**EXERCISE GOAL:**
For this item, repeat the material exactly while omitting its pictures.
====== SUPPLIED MATERIAL ======
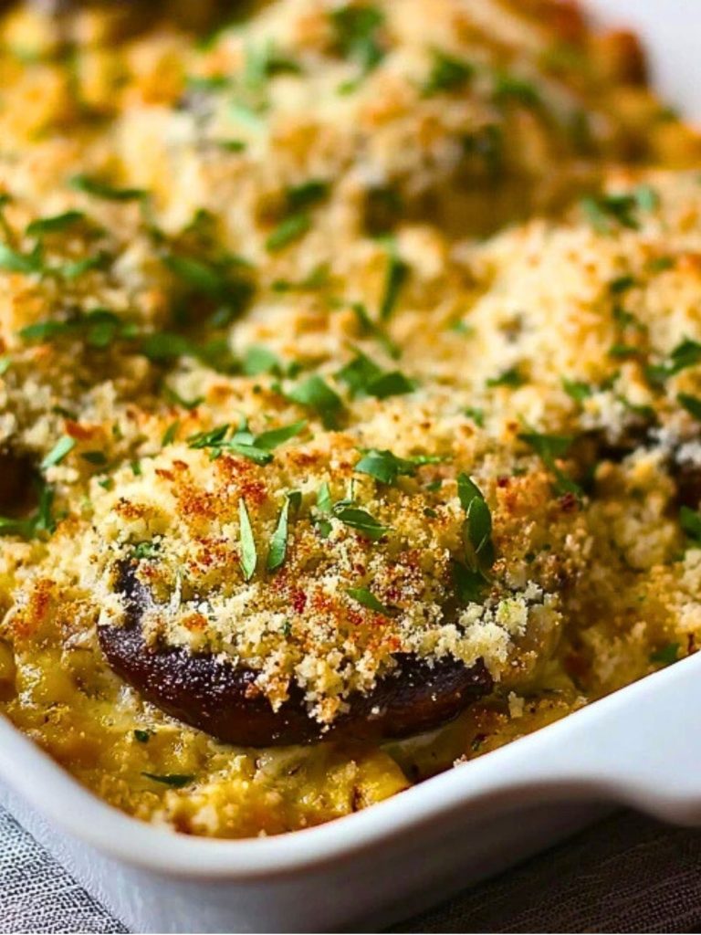 All the flavors of classic stuffed mushrooms turned into a cozy, creamy casserole. Perfect for weeknights, holidays, or as a crowd-pleasing side dish. Topped with golden breadcrumbs and packed with savory flavor.
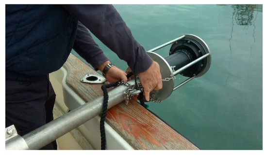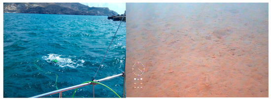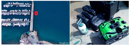 - Visual inspections by an underwater ROV to obtain photographic and video reports. Figure 5 shows the robot deployed from the boat (left) and an image of the bottom at a depth of 9 m (right). The bottom was found to be soft (composed of sand, mud, small stones, and gravel) and shelved slightly with a distance from the jetty.
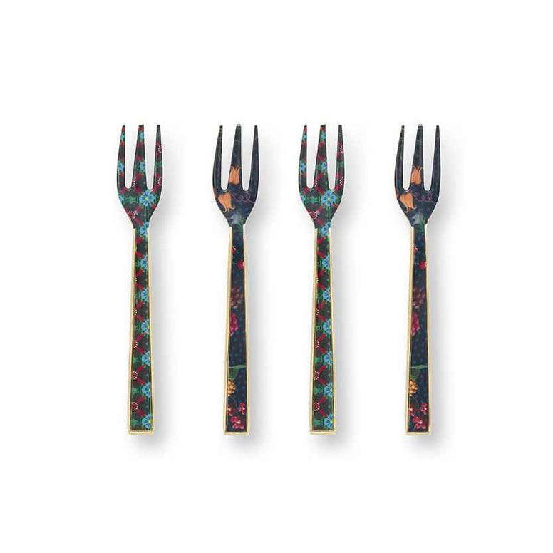Stellen Sie sich Folgendes vor: Es ist ein frischer Winterabend und Sie stellen sich wundervolle Zusammenkünfte mit Ihren Lieben bei köstlichen Desserts vor. Entdecken Sie Pips Berry Blues-Kollektion, die sorgfältig für solche Anlässe entworfen wurde. Jede Gabel verfügt über ein bezauberndes dunkelblaues Blumenmuster, akzentuiert durch komplizierte Zweige anmutiger Fantasieblumen und Beeren, die an die bezaubernde Schönheit des Winters erinnern.
======
**RESPONSE TO THIS TASK:**
 All the flavors of classic stuffed mushrooms turned into a cozy, creamy casserole. Perfect for weeknights, holidays, or as a crowd-pleasing side dish. Topped with golden breadcrumbs and packed with savory flavor.
 - Visual inspections by an underwater ROV to obtain photographic and video reports. Figure 5 shows the robot deployed from the boat (left) and an image of the bottom at a depth of 9 m (right). The bottom was found to be soft (composed of sand, mud, small stones, and gravel) and shelved slightly with a distance from the jetty.
Stellen Sie sich Folgendes vor: Es ist ein frischer Winterabend und Sie stellen sich wundervolle Zusammenkünfte mit Ihren Lieben bei köstlichen Desserts vor. Entdecken Sie Pips Berry Blues-Kollektion, die sorgfältig für solche Anlässe entworfen wurde. Jede Gabel verfügt über ein bezauberndes dunkelblaues Blumenmuster, akzentuiert durch komplizierte Zweige anmutiger Fantasieblumen und Beeren, die an die bezaubernde Schönheit des Winters erinnern.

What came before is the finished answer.